**Brief:**
If any record holds an image, omit the image and print the rest exactly.

Records contained in a dataset
════════════════════

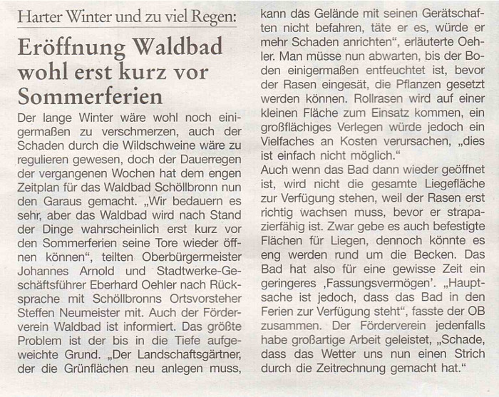 13. Juni 2013 Amtsblatt Ettlingen: Harter Winter und zu viel Regen
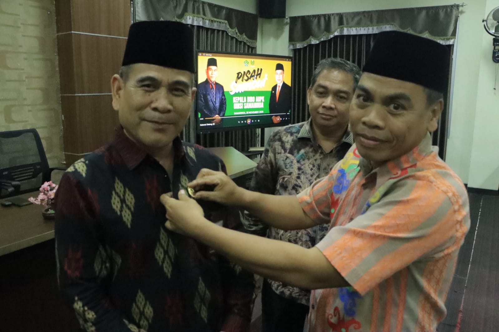 Acara tersebut menjadi momen perpisahan dengan Kabiro AUPK sebelumnya, Dr. H. Win Hartan, S.Ag., M.Pd.I., sekaligus penyambutan Kabiro AUPK yang baru, Dr. H. Taufik Rahman, S.Ag, M.Pd.
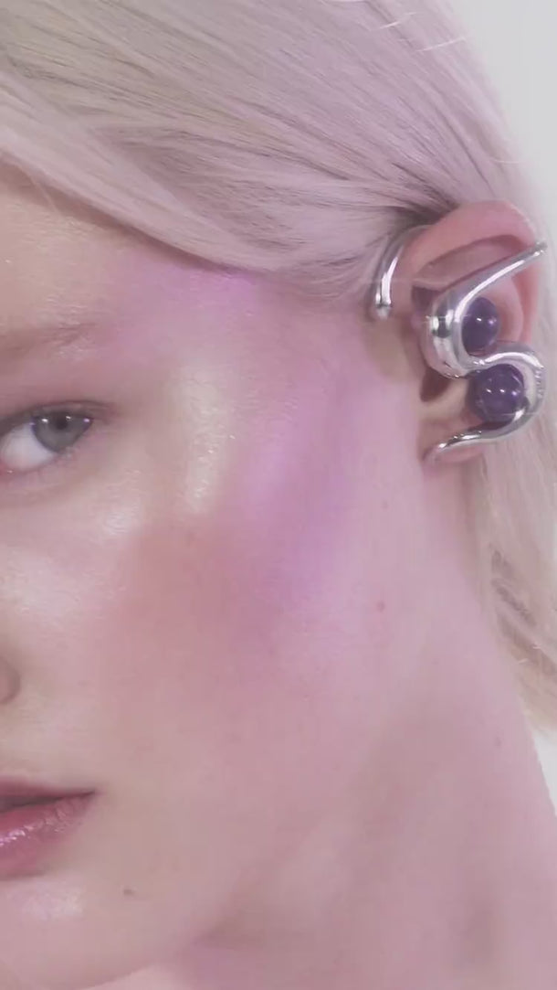 Silver Ear Cuff with Amethyst
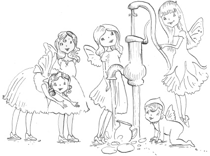 “What sort of cake would you like this year, Silver?” asked Rosie. The sisters were in the garden behind their fairy house, fetching water from Deepwater Spring.
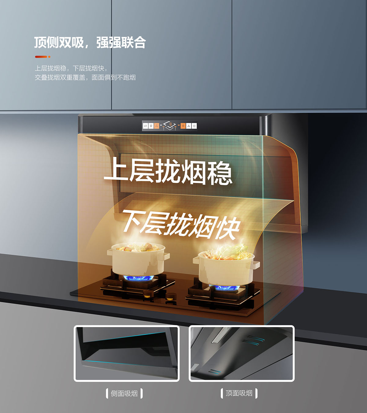 - 智能體感操控,揮手凈煙,0觸碰隔空操控,下廚無需手忙腳亂找按鍵
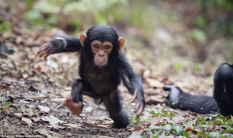 这张幼猩的蹒跚学步也传播极广,你很可能见过。

════════════════════

**Solution to this problem:**
 13. Juni 2013 Amtsblatt Ettlingen: Harter Winter und zu viel Regen
 Acara tersebut menjadi momen perpisahan dengan Kabiro AUPK sebelumnya, Dr. H. Win Hartan, S.Ag., M.Pd.I., sekaligus penyambutan Kabiro AUPK yang baru, Dr. H. Taufik Rahman, S.Ag, M.Pd.
 Silver Ear Cuff with Amethyst
 “What sort of cake would you like this year, Silver?” asked Rosie. The sisters were in the garden behind their fairy house, fetching water from Deepwater Spring.
 - 智能體感操控,揮手凈煙,0觸碰隔空操控,下廚無需手忙腳亂找按鍵
 这张幼猩的蹒跚学步也传播极广,你很可能见过。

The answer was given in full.